Construction Begins On Isle of Harris Distillery

An architect's rendering of the Isle of Harris Distillery being built in Tarbert, Scotland. Image courtesy Isle of Harris Distillery.March 5, 2014 – The boom in distillery construction continues in Scotland, as work is now underway on the £10 million ($16.7 million USD) Isle of Harris Distillery in Tarbert. The distillery will be the first legal one to be built on the island in Scotland’s Outer Hebrides, and is expected to open in the spring of 2015. The distillery will produce “The Hearach” single malt, using the Gaelic name for Harris residents, along with a Harris gin.

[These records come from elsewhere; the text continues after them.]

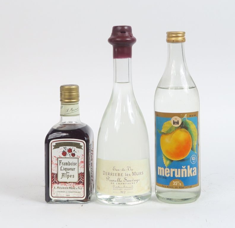 3 FLACONS : 1 LIQUEUR DE FRAMBOISE 35 CL - 1 EAU DE VIE PRUNELLE SAUVAGE 50 CL - 1 LIQUEUR DE PECHE 42 CL
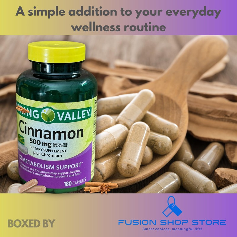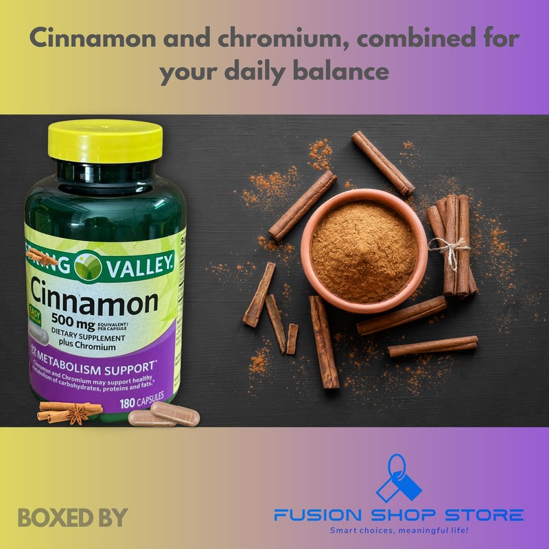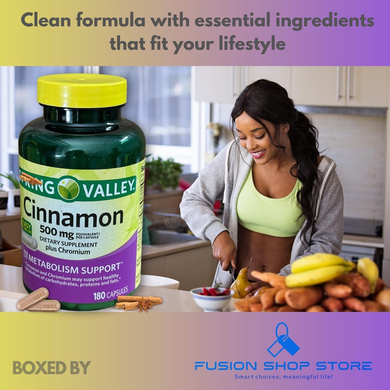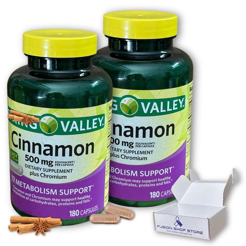 Spring Valley Cinnamon Capsules- 500mg Plus Chromium 180ct (Pack of 2), Boxed by Fusion Shop Store
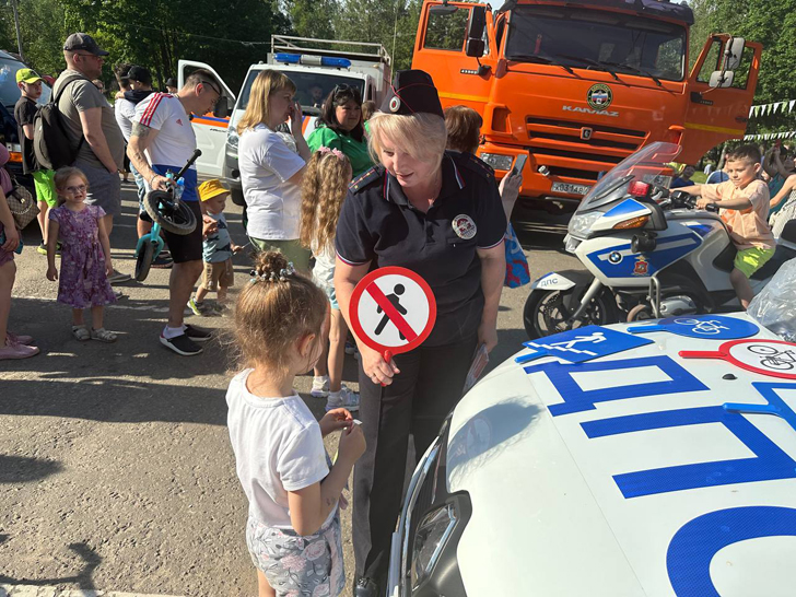 Ребятам продемонстрировали патрульный автомобиль и мотоцикл ДПС, который вызвал настоящий восторг, не только у детей, но и у взрослых. Познакомили с работой специальной световой и звуковой сигнализацией, которой оснащены все патрульные транспортные средства Госавтоинспекции . Взрослые и дети делали яркие селфи на память.
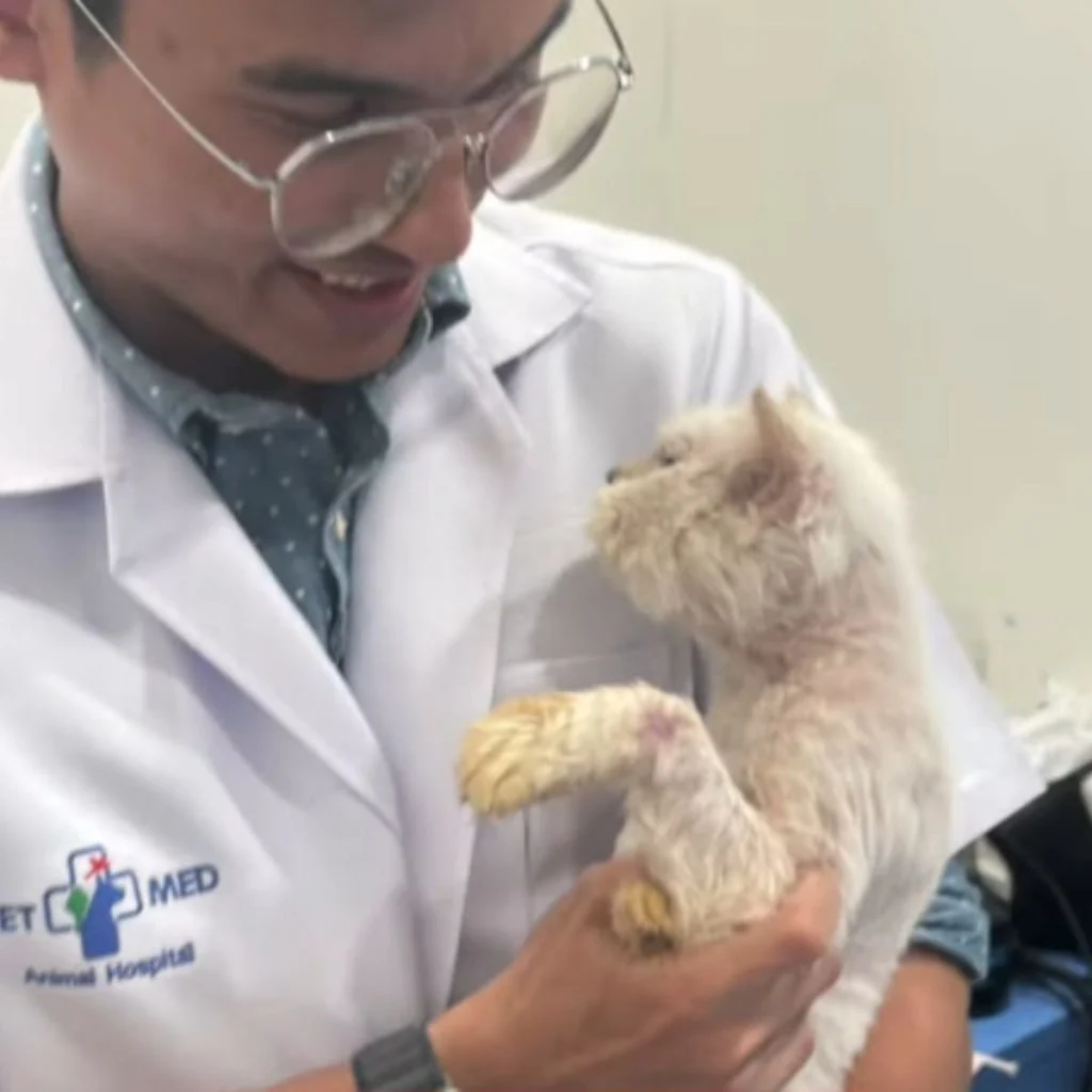 Her fur was matted with dirt and dried blood from constant flea bites.
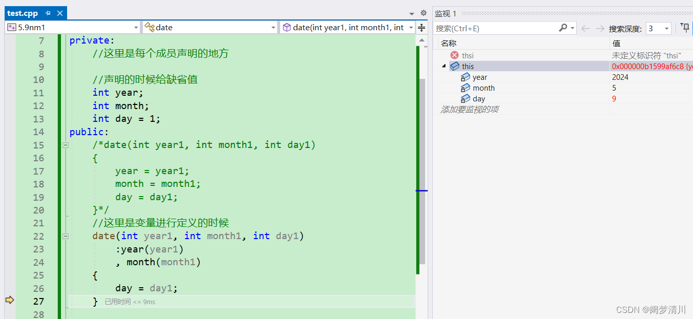 上面显示的是变化之后的结果:就是调试的箭头指向26行的时候,监视窗口里面的day是1,当我们的调试箭头指向27行之后,监视窗口里面的day的值就变成了现在的9,可见这个缺省参数的值是传递给了初始化列表的,之后不过这个缺省参数被我们后来的参数给覆盖掉了;
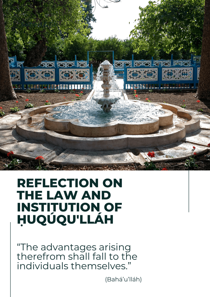 The Institution of Ḥuqúqu’lláh will, during the course of this Dispensation, contribute towards the spiritualization of humanity through the promotion of a new attitude to the acquisition and use of material resources. It will provide the material resources necessary for great collective enterprises designed to improve all aspects of life; and will be a powerful element in the growth of a world civilization.
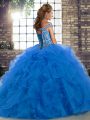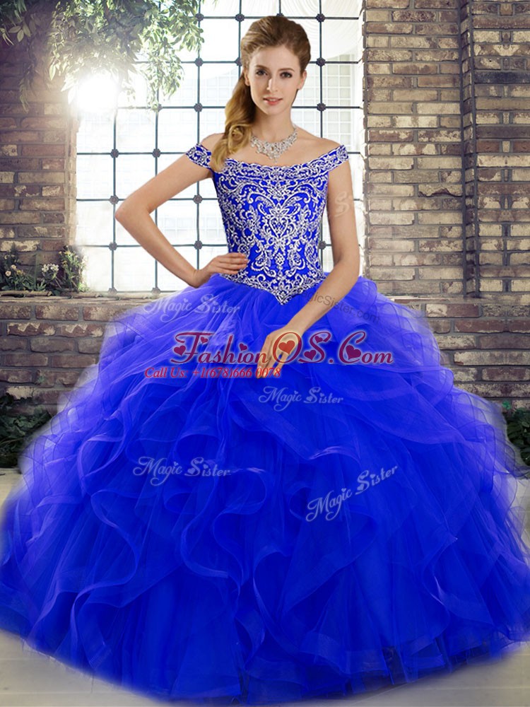 Royal Blue Sleeveless Brush Train Beading and Ruffles Sweet 16 Quinceanera Dress
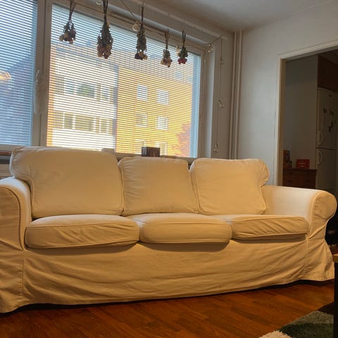 Tästä asiallisessa kunnossa oleva 2 hengen sohva uuteen kotiin. Ehjät ja puhtaat päälliset. Ei lemmikkejä taloudessa.
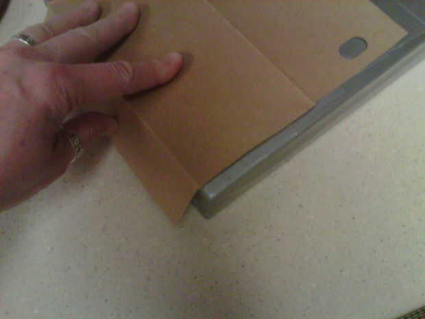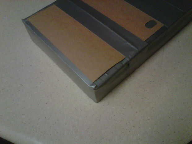 Decidir cual es la parte de atrás y que es la parte delantera. Corte un pedazo de cartón delgado para cubrir el fondo y (sobre) la parte posterior de su caso. Cinta adhesiva en su posición con dos o tres trozos cortos de cinta. Esto es para refuerzo y rigidez.
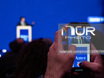 Argentine President Javier Milei addresses attendees during his closing speech at the AMCHAM Summit 2025 (American Chamber of Commerce in Argentina) in Buenos Aires, Argentina, on May 20, 2025.
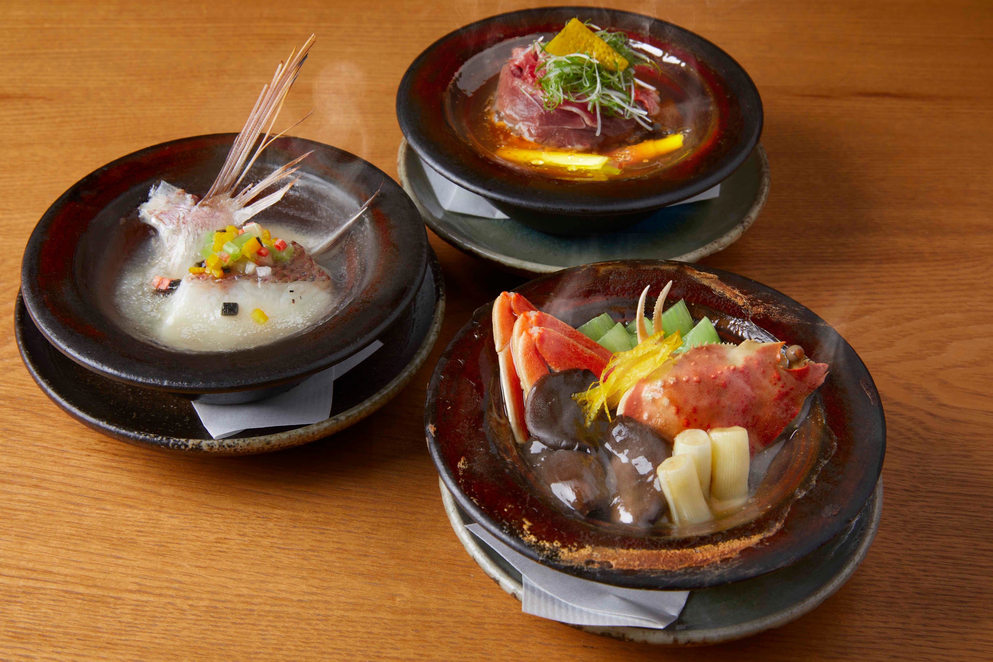 和食と真摯に向き合う京都発の〈宮川町 水簾〉。冬のコースでは、京丹後の香箱ガニや鯛かぶら、十勝ハーブ牛などその日最良の食材を小鍋仕立てに。色とりどりの和食とともに、上品な料理を味わうことができます。もちろん、日本酒との相性も抜群!
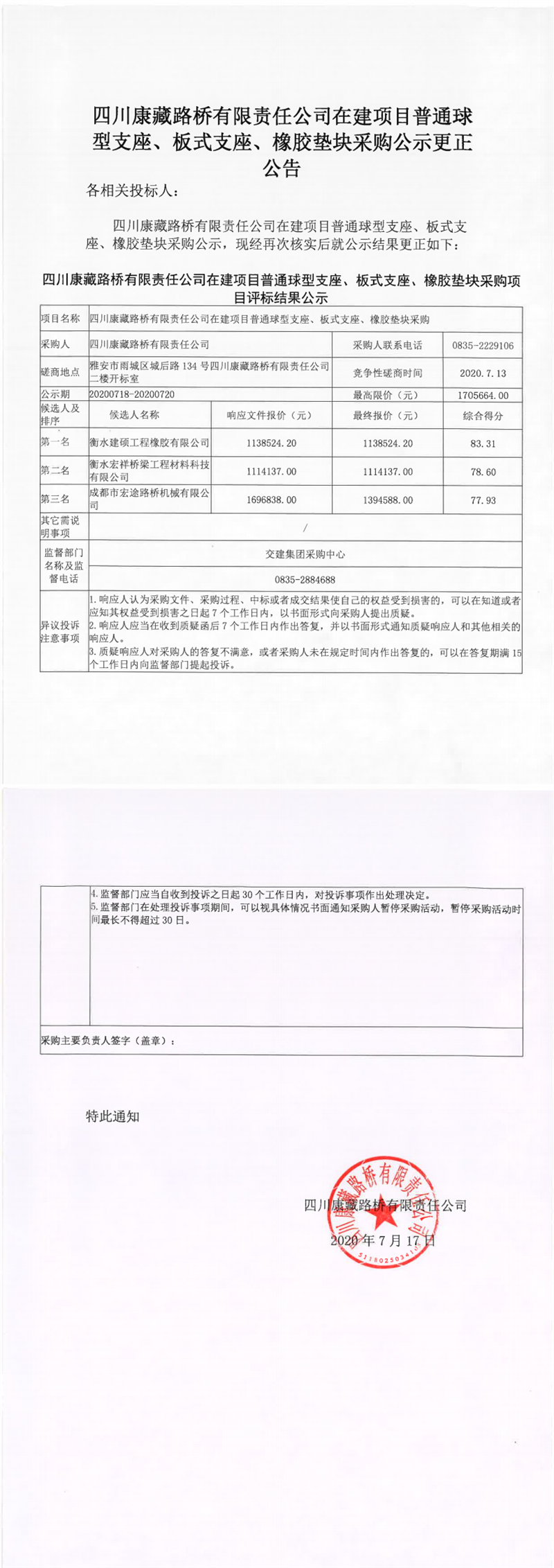 四川康藏路橋有限責(zé)任公司在建項(xiàng)目普通球型支座、板式支座、橡膠墊塊采購(gòu)公示更正公告
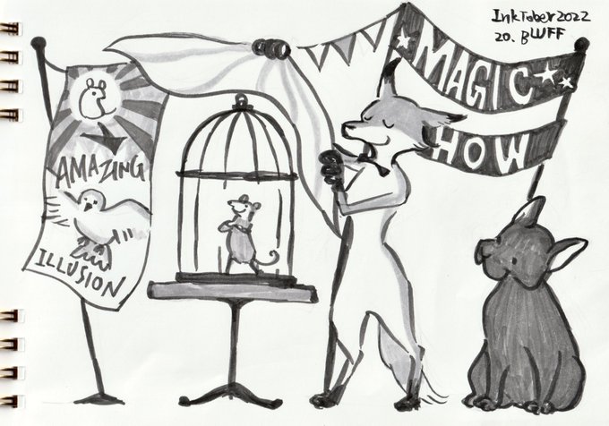 🦊くんの特技 イリュージョンもできるんだって…? 20.BLUFF Please pay attention…! #inktober #inktober2022 #kuretake_inktober #kuretake_inktober2022 #illustration #illust
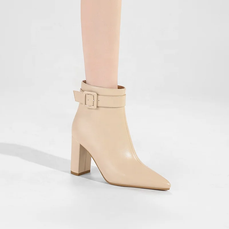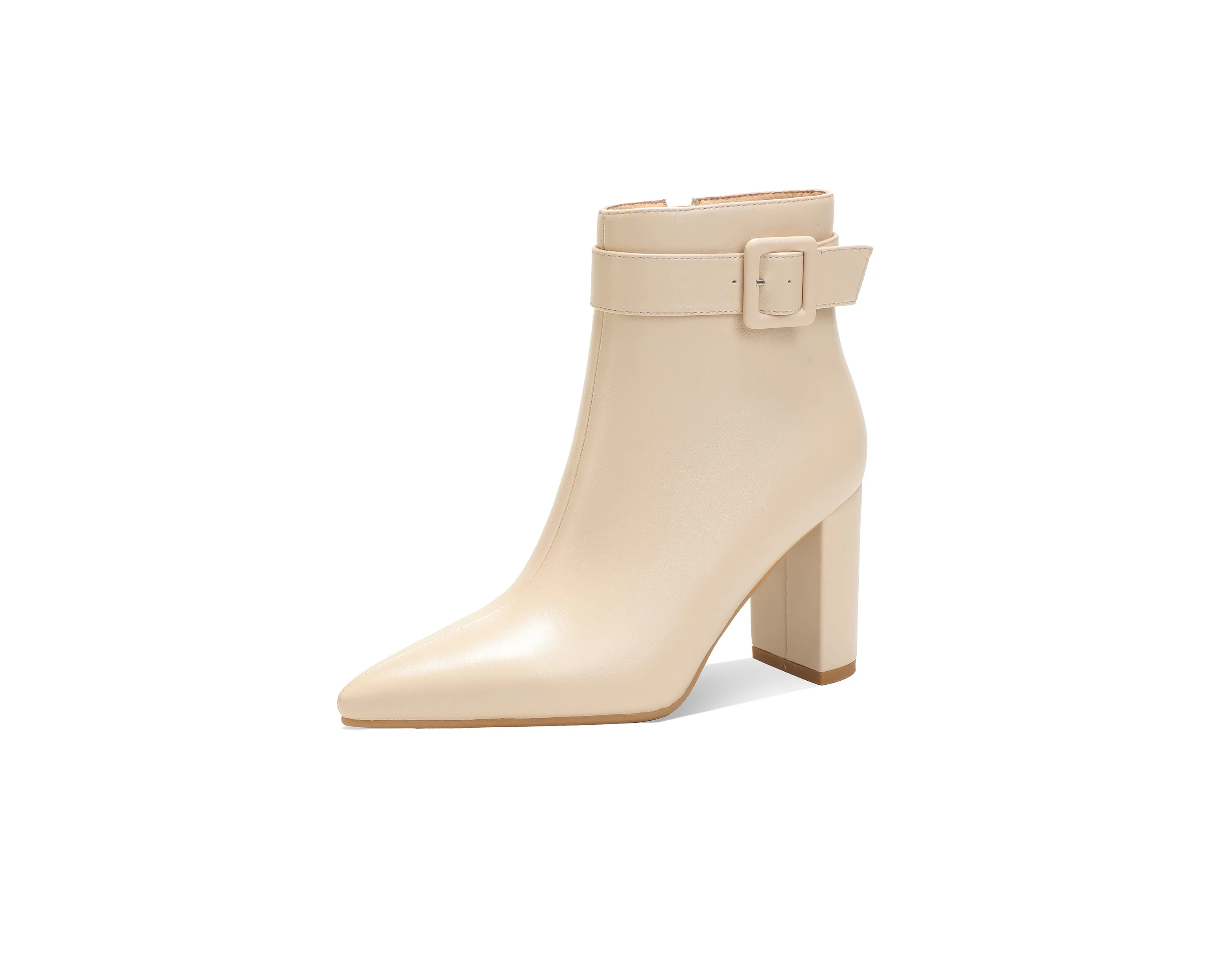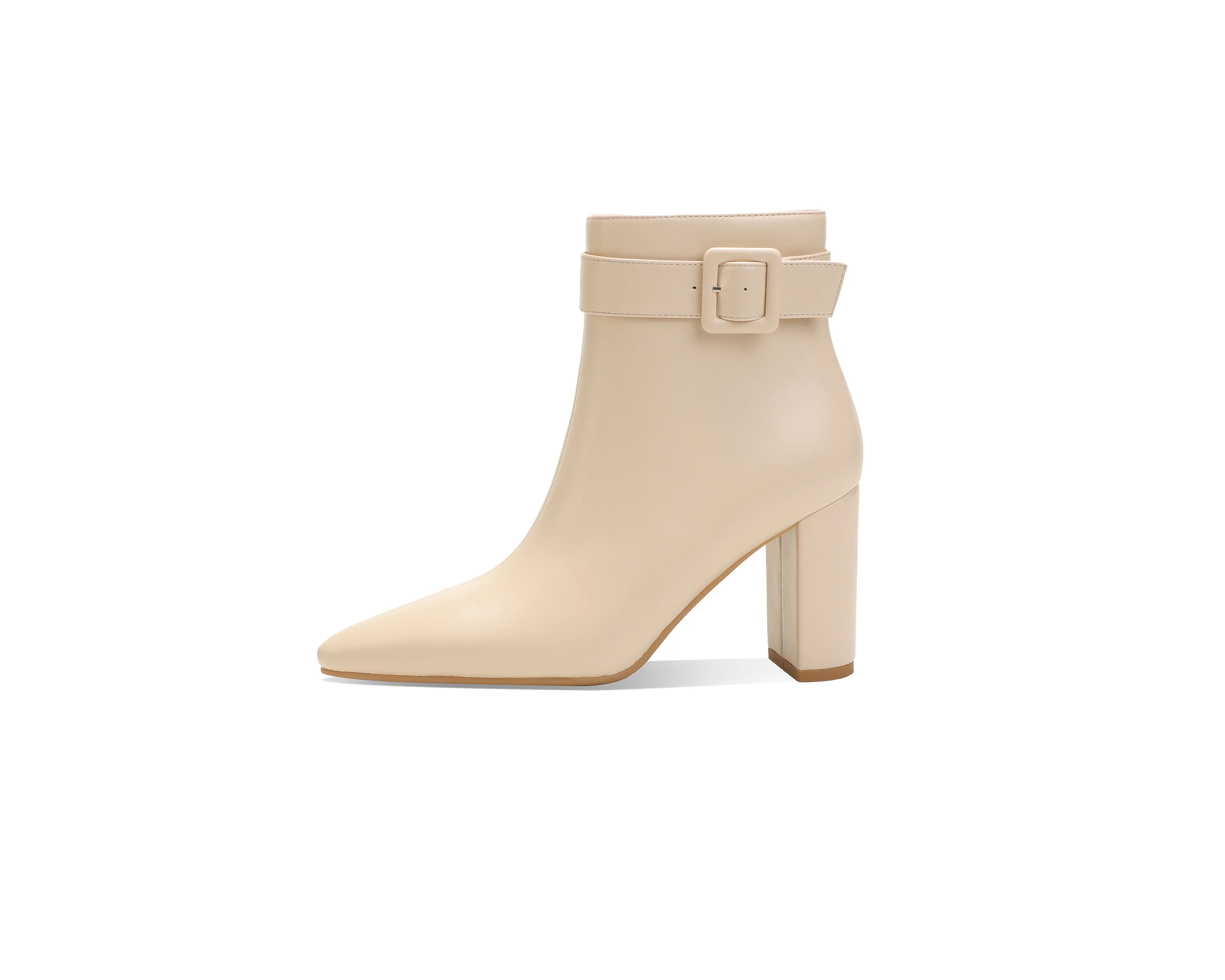 Women's Mid-Calf Block Heel PU Ankle Boots with Buckle Strap Pointed Toe Booties

The project is being built with a combination of private and public investment and a goal of creating 20 full-time jobs on the economically distressed island. 17 private investors are taking part in the project, while the Scottish Government and Highlands & Islands Enterprise are providing a combined £2.8 million ($4.7 million USD) in economic development grants. In a news release, distillery director Simon Erlanger said the goal is to help improve the island’s economy as well as make a good whisky.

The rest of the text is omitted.